Jesus’ life and ministry were characterized by prayer. Why did he pray as he did, and what does that tell us about why we should pray? In this sermon, Meghan Good explores this topic and helps us see the importance of spiritual practices to our life in God.
In this sermon, Meghan Good explores the spiritual discipline of prayer. She begins by talking about the fact that Jesus prayed. At first, this seems weird because we talk about Jesus being God. Why then would he need to pray? However, as we read in Philippians 2, Jesus emptied himself of his divine powers and embraced our human limitations by becoming incarnate. If it is true that Jesus was fully human, then how did he do the incredible things that he did?

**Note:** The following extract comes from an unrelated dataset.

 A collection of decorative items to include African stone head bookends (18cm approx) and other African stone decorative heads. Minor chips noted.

The answer is found in the descent of the Holy Spirit upon Jesus after his baptism. The coming of the Holy Spirit opened a connection between the human Jesus and the Father God that released the flow of divine power through him. Cultivating this connection with the Father was a huge part of Jesus’ life. He prayed and fasted for 40 days. He prayed all night before choosing the twelve disciples. Before walking on water, he spent time in solitude. Jesus did not do his ministry by himself. He only did what he did out of relationship with the Father. He states this explicitly in the focus scripture above.
The spiritual practices that Jesus embraced tell us three important things about the role they play in our walk with God.

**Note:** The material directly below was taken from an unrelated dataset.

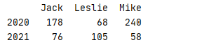 显式索引即 data[ 'Leslie' : 'Jack'] 作切片时,结果包含最后一个索引即 Jack
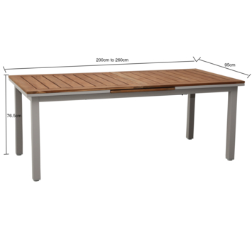 - Tafelblad 200 cm (uitschuifbaar tot 260 cm) x 95 cm, hoogte 76,5 cm

- They show us what God is doing and saying.
- They align us with what God is doing and saying so that our actions are in sync with God’s actions.
- They protect us from temptation.
Before Jesus went away, he said that he would send the same Spirit that lived in and on him to us. He wants us to live in communion with the Father by the Spirit in the same way that he did. We read this in in John 14:16-17:
“And I will ask the Father, and he will give you another advocate to help you and be with you forever—the Spirit of truth. The world cannot accept him, because it neither sees him nor knows him, but you know him, for he lives with you and with be in you.”

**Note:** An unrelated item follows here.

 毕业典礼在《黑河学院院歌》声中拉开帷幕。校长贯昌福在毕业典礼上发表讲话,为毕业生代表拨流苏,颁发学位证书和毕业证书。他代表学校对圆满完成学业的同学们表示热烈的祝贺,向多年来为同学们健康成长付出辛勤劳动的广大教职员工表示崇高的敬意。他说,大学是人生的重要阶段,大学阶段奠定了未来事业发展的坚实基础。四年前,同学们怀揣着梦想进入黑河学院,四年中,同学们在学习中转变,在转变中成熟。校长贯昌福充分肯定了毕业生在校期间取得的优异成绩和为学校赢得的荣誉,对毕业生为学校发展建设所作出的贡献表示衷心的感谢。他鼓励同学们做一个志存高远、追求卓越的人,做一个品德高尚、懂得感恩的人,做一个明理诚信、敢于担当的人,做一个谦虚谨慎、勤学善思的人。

The Spirit aims to live in us as a source of open communication with the Father, and, even more, the source of power to continue the works of Jesus in the world (John 14:12). This only occurs as we are dwelling in the life of Jesus as we read in John 15. We are made to be connected to Jesus by the Spirit so that divine power and life will flow through us.
Spiritual practices are not merely the homework of the Christian life. They are the critical infrastructure because they are the way that God’s healing and hope flows through us to the world. They are the hidden system that God’s living water moves through so that the world might hear and see God in everyday life.